1. The lighting arrangements are unsatisfactory in all your elementary schools. In some, however, they are passable, but in certain rooms in the Thomas Hodgson School and in the Middle Ward School and in all the rooms in the South Ward, lighting conditions are the worst that I have ever seen. In some of these class-rooms at two o'clock in the afternoon I found it almost impossible to read from the back of the room what was written on the blackboard or to read what the pupils had written in their notebooks for me. The effect upon the pupils' eyesight is so serious that immediate installation of electric light [!] in South Ward School and the correction of the present conditions in the other schools is imperative. In this connection I may point out that these buildings are of such an unusual design that the services of an expert in lighting will be necessary to secure satisfactory results. An amateur would, in all probability, merely cause you useless expense.

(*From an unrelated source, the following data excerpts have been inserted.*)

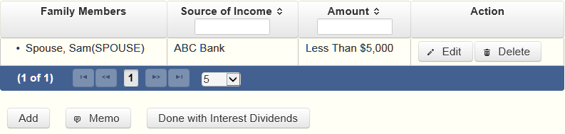 Sources of Income List: After you enter and save your first source of income from interest, dividends, royalties, or rents, the filing application will begin a list of such properties entered on Part 5 for this PFS. The list will display columns showing each source of income:
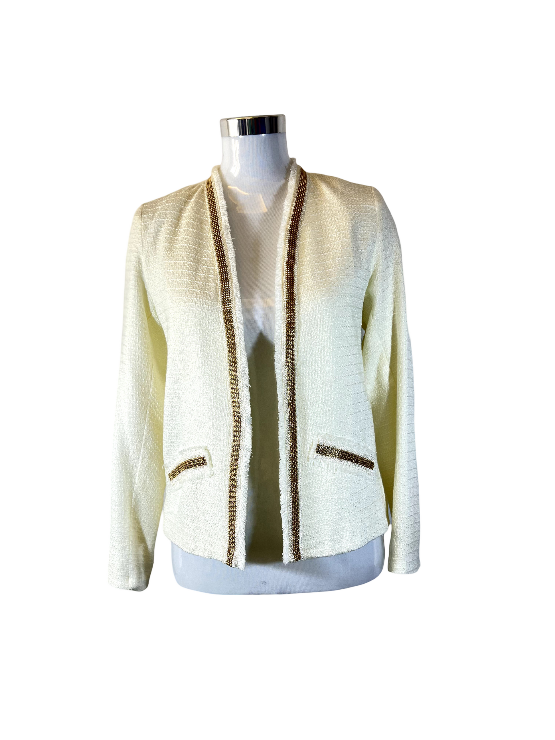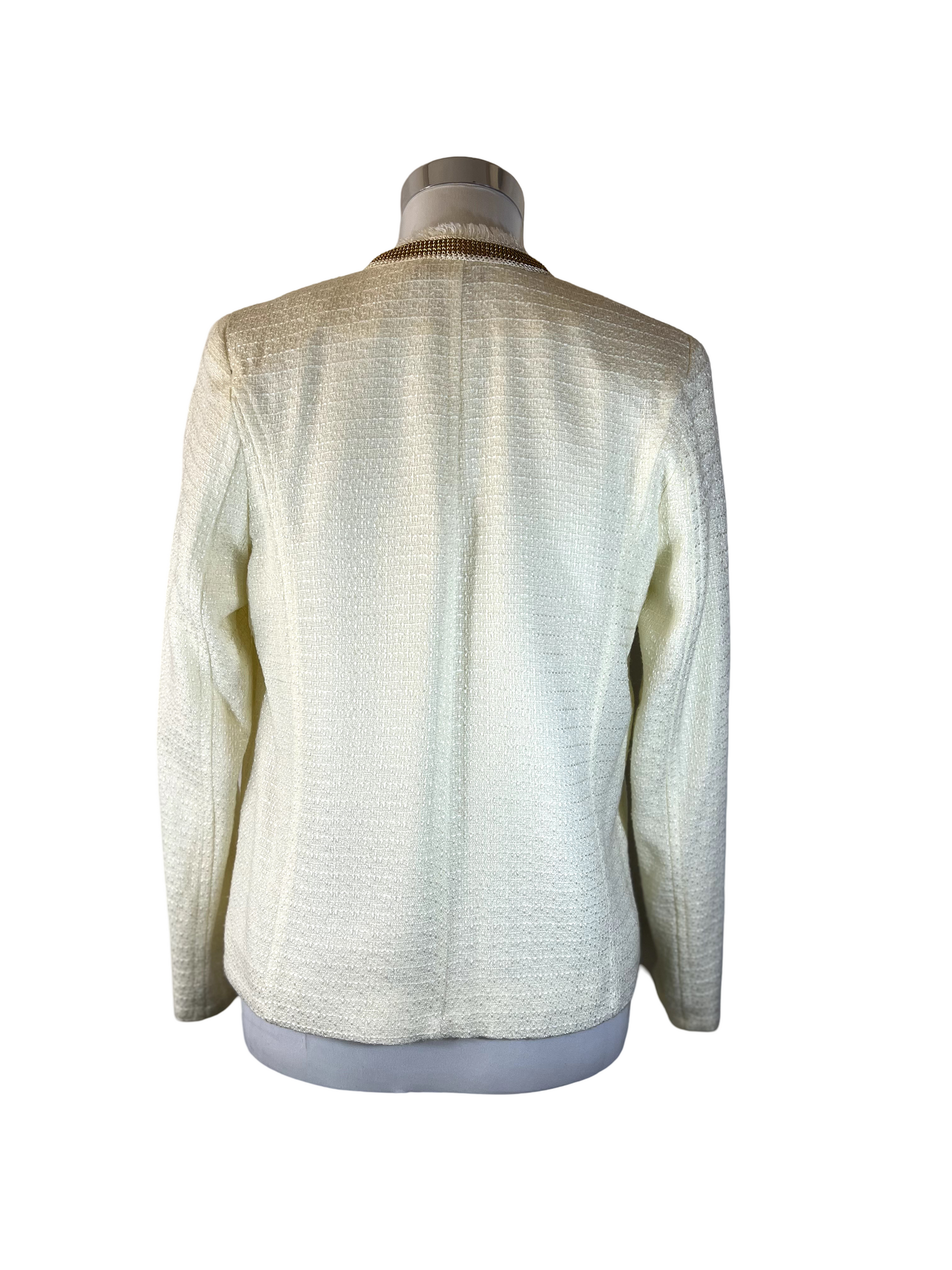 Cozy, channel-like fabric creating an open jacket silhouette, with a fine gold chain to add a touch of refinement and definition.
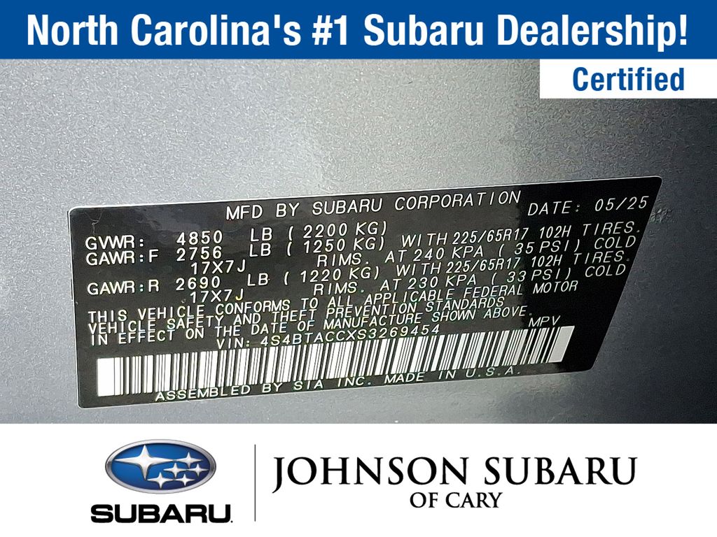 Certified. Ice Silver Metallic 2025 Subaru Outback Premium AWD CVT Lineartronic 2.5L 4-Cylinder DOHC 16V
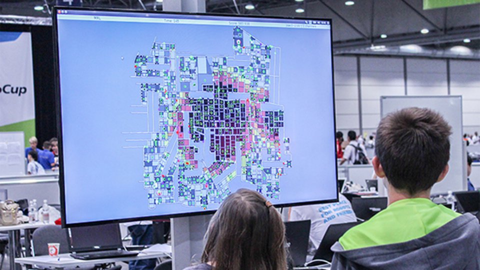 レスキューシミュレーションリーグ コンピュータ内に作られた市街地で大規模災害が発生したことを想定し、「エージェント」と呼ばれる救助隊や消防隊、道路警戒隊を導入して、市民などの要救助者を探して救助するシミュレータ内の競技です。 例えば、火事を消火する消防エージェント、建物から市民を救助する救急エージェント、壊れた道路を修復する土木(啓開)エージェント等が協力し、被災者の探索と救助を行います。被災地の災害状況は視覚情報、通信情報(音声・無線)、各エージェント自身が取得した情報です。火災の状況や、建物の中に要救助者がいるかどうかはエージェントが近付いて確認する必要があります。通信情報は実際の災害現場と同様、音声と無線通信です。音声はエージェント同士が声で状況や意思を伝達したり、要救助者が助けを呼ぶ声などです。無線は救助センターと救助エージェント、その他のエージェントが通信によって共有できる情報です。 火災も温度、燃焼度、倒壊度などの数値が与えられ、数値は順次変わっていき、延焼した家屋が燃え尽きたり、近隣の建物に飛び火、建物の倒壊など、災害は進行していきます。市民も自力で歩いて避難所に向かう人もいて、その場合は倒壊した道路を修復して安全な避難路を確保することが重要となります。 参考動画(協力:愛知工業大学) ルールが解りやすく解説されています
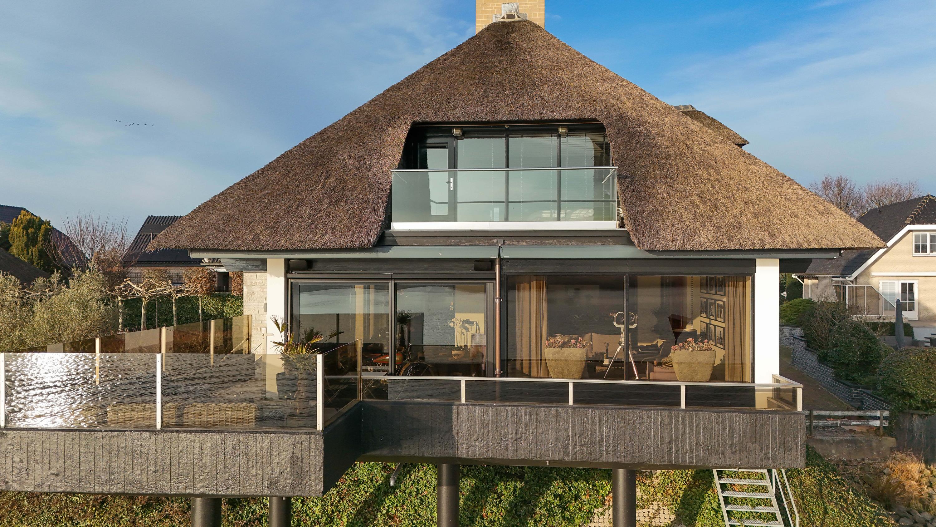 De Werf 5 in Lekkerkerk is a home for people who know what they want. Peace, space, water at your feet and comfort at a high level. This thatched villa is located in a truly rare spot, directly on the river Lek, with its own private jetty and boat lift. Here, you can step straight from your garden onto the boat and sail towards the Biesbosch, Dordrecht or Rotterdam. The view over the water never gets old and changes every moment of the day. This is living with allure, freedom and privacy.
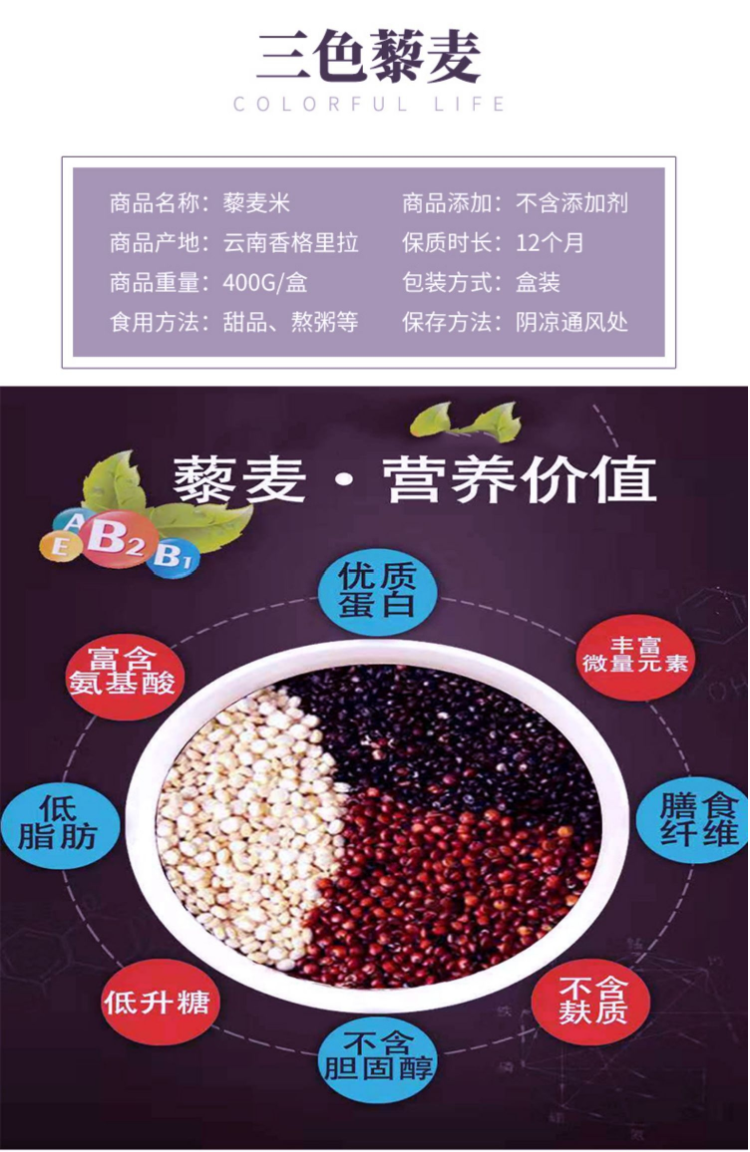 【扶贫】云南省香格里拉 多彩藜麦 400g/盒
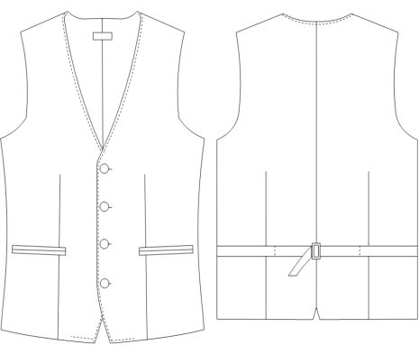 男马甲款式描述:四粒扣,前收省到底,前双开线袋,后背采用大身面料制作,后中缝三角开叉。内嵌边、拱针工艺。详见下图:
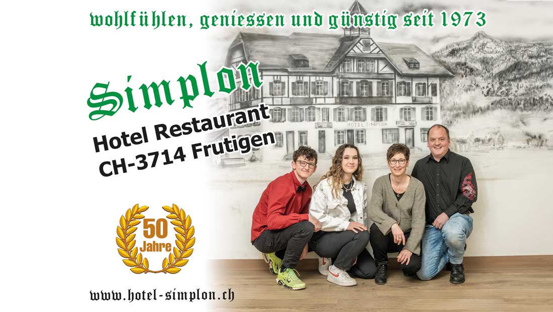 … im traditionsreichen Familien-Hotel Restaurant «Simplon» in Frutigen finden Sie alles. Seien Sie unser Gast und fühlen Sie sich wie daheim.
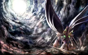 A Painting Of A Stormy Ocean With A Sun Shining On It Wallpaper -
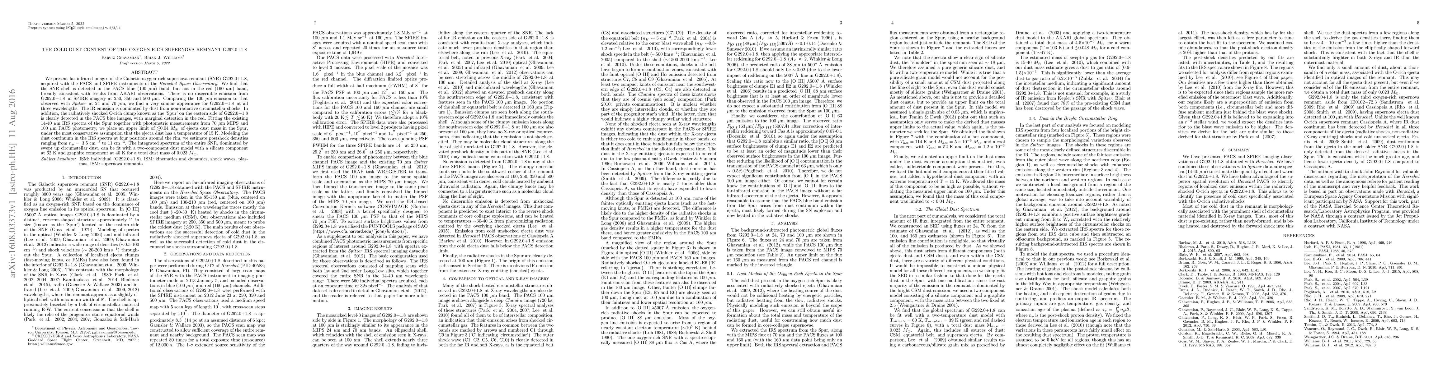 This paper investigates the cold dust content in the oxygen-rich supernova remnant G292.0+1.8 using Herschel Space Observatory data, finding minimal dust emission and estimating a total dust mass of 0.023 solar masses, dominated by swept-up circumstellar dust. The 'Spur' feature shows an upper limit of ejecta dust mass of <~ 0.04 solar masses.

2. For the second time in 20 years' experience in inspecting schools I have found double desks very generally used. With your present enrolment every child could be provided with a single desk by cutting down all double to single size and by purchasing about 20 new single desks. In this day and generation it is scarcely necessary to point out the unfortunate physical and moral results arising from the use of double desks. [I leave it to readers to make of that statement what they will.-TW]

3. In practically every elementary class-room in your system there are some pupils who are unable to profit by the ordinary type of classroom instruction. The majority of these children are decidedly below normal mentality but a few are pupils from foreign countries with an adequate education in their native language but not, say, English... In both of these groups the solution is the employment of a specially trained teacher who would give these children an opportunity to progress along the lines where profit is possible. The employment of such a teacher would, in the aggregate, save money for your district through permitting the regular teachers to devote their time to normal pupils and thus reduce retardation.

4. The Schools Act provides that the Union Jack should be flown at all schools in the Province. I am informed that this practice has not been followed in Nanaimo for a number of years. I am also informed by pupils who have been in school four or five years that they have never seen the flag flown at school."

Such were some of the issues facing school trustees, 80 years ago. Readers can judge for themselves how far we've come.